I asked for details of people who had died whilst on student and Tier 4 visas. It was playing out a hunch (just curiosity) I had about a few things, in particular the number of those that would be suicides. I thought it would make interesting data and would be something that might interest students without getting in to the dangerous territory of ‘student stories’
Where possible I would like to know the date, location of their death, gender, age, cause of death and sponsor institution.If you could provide this information in digital form, preferably in a spreadsheet format, that would be very helpful
Not really what I wanted. The main reason cited was that apart from the information above, was that they were* “only able to report on data that is captured in certain mandatory fields on the Home Office’s Case Information Database (CID).”* Most of the information I wanted would be in the ‘notes’ section of any records which would need to be located manually.

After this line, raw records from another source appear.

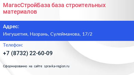 МагасСтройБаза, база строительных материалов по адресу Ингушетия, Назрань, Сулейманова, 17/2 в дальнейшем Организация, размещена в следующих категориях:
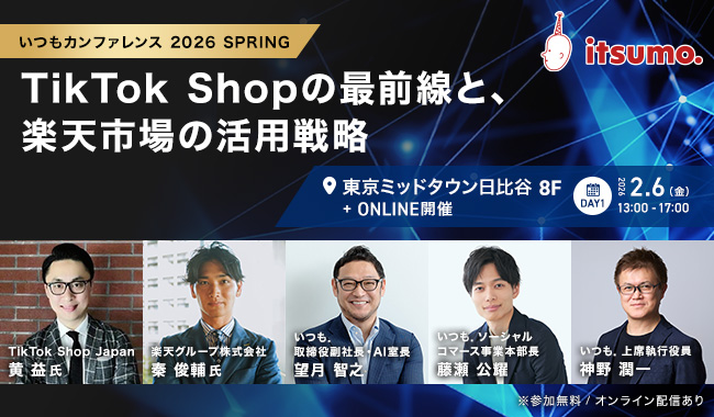株式会社いつも(本社:東京都千代田区、代表取締役社長:坂本 守、以下「当社」)は、2026年2月6日(金)13:00~17:00に開催する「itsumoカンファレンス」のDay1において、TikTok Shop攻略に特化した特別プログラムを実施します。
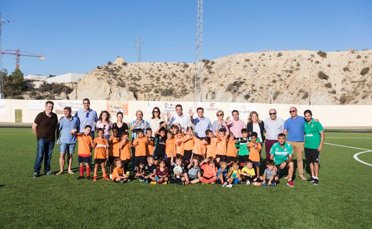 El presidente de la Diputación Provincial de Almería, Javier A. García, y el alcalde de Antas, Pedro Ridao, visitaron el campo de fútbol de Antas para comprobar el resultado del nuevo césped artificial y acompañar los verdaderos protagonistas: los niños y niñas de las Escuelas Deportivas Municipales.
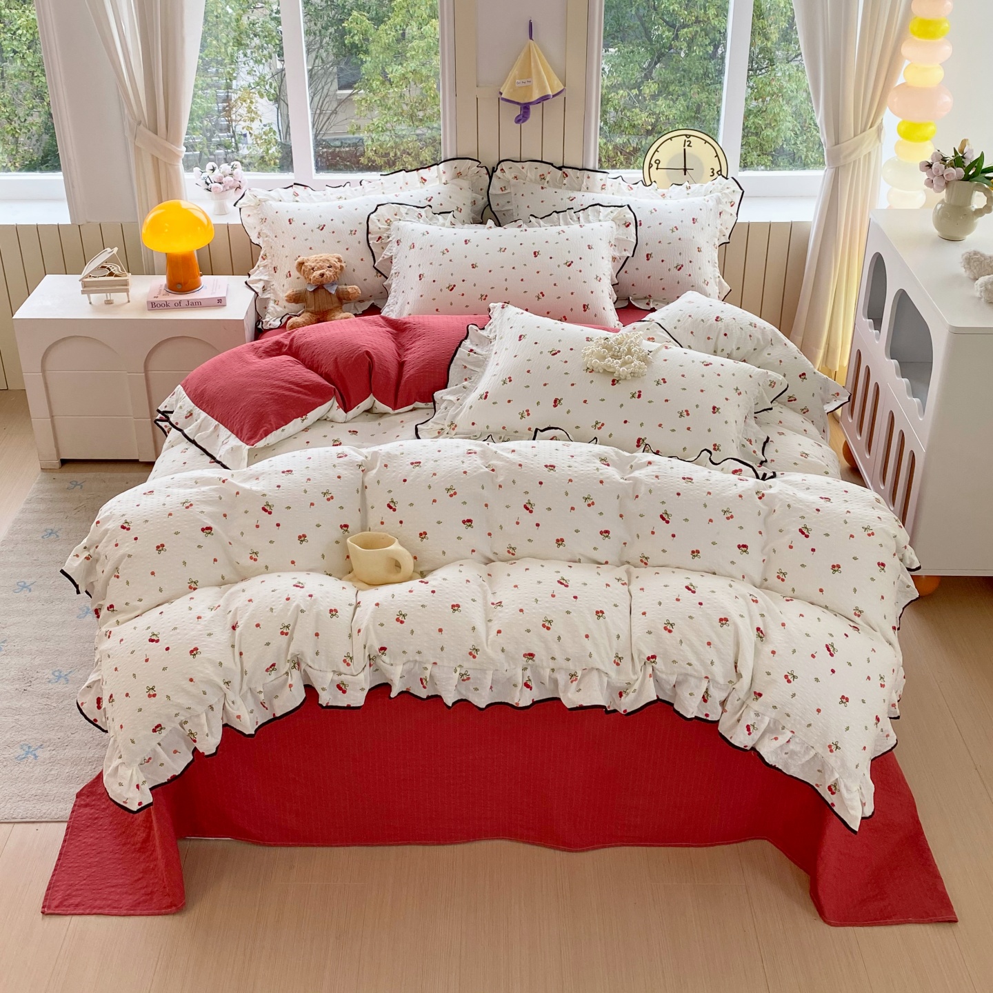 (总)艾橙家纺2025新款法式赫本风水洗棉印花雪纺花边单床盖,点点爱,朵蔓花馨,黑色蝴蝶结,蝴蝶印记,澜音花香,美味樱桃,水墨玫瑰,素馨花恋,心心相印

The Home Office is not obliged under section 12 of the Freedom of Information Act 2000 to comply with any information request where the estimated costs involved in supplying the information exceed the £600 cost limit. I regret that we cannot supply you with the information that you have asked for, as to comply with your request would exceed this cost limit.
Fair enough although I was a bit suspicious that some of the information that would seem to be pretty useful, like sponsoring institution, would not have a field. But I realised that I didn’t really know what fields were in there. In fact I didn’t really know that the Case Information database was where that stuff would be.
Thanks to an FOI by Helen Murphy, I find out that;
All data held on the Caseworker Information Database will fall within a
minimum data set. The Caseworker Information Database contains:
• Name
• Date of birth
• Nationality
• Arrival details
• Temporary admission address
• Detention details
• Refusal reasons• Diary actions
• Notes
• Removal details
• Photograph
More surprisingly it also reveals that* “Currently there are over 75 screens on the Caseworker Information Database (CID)”*. 75 screens No wonder they can’t find anything!
7 hour days
Helen’s FOI also helped illuminate working conditions at the Home Office. In Helen’s FOI
The £600 limit is based on work being carried out at a rate of £25 per hour, which equates to 24 hours of work per request.
In my response :
This [£600] limit applies to all central Government Departments and is based on work being carried out by one member of staff at a rate of £25 per hour, which equates to 3½ days work per request.
Taking one as a different way of expressing the other ( a dangerous assumption) would suggest less than 7 hour days at the Home office. Still, that seams fair given the number of screens you’d need to wade through. I’d give up after 2 hours!
Groups of 5
The other thing that struck me about the data was the alarmingly uniform numbers that people die in – 5 at a time. It turns out that the figures are *not entirely complete **. A note on the data says:
Figures rounded to nearest 5 (- = 0, * = 1 or 2) and may not sum to totals shown because of independent rounding.
Why round them to 5? It’s not like half a person died! ***Update: *In the comments Martin Stabe suggests “This could be an anonymisation requirement so that individual cases cannot be identified from aggregate data.”
Limits of being human
I’ve put another request in on the basis of the data I got, assuming that 10 cases would be manageable by someone in 3.5 days although 75 screens worth of content might yet fox my demand, so I may never get what I want this way.
The truth is that, as data, what I got is next to useless – no real context and the numbers aren’t even accurate, – but it reinforced a few things for me:
- Good FOI’s rely on good planning and some prior knowledge. I’d done a bit or work understanding the whole Tier4/student thing but clearly I needed to do more on understanding who held the data, how and why. Data, in fact journalism, is all about context
- Good FOI’s rarely stand alone. Often an FOI is an enabler. It opens doors, avenues for further questions. That makes it valuable even when the data might be useless.
- Visibility helps. Helen’s FOI answered questions I had. Maybe mine won’t but It’s in the mix.
- Open government doesn’t just rely on data. It relies on the capacity to retrieve and search that data. Government is really good at collecting it and shockingly bad at having it in a form that is usable even to themselves. (but we all knew that didn’t we)
Not new or startling revelations but it never hurts to be reminded of these things from time to time.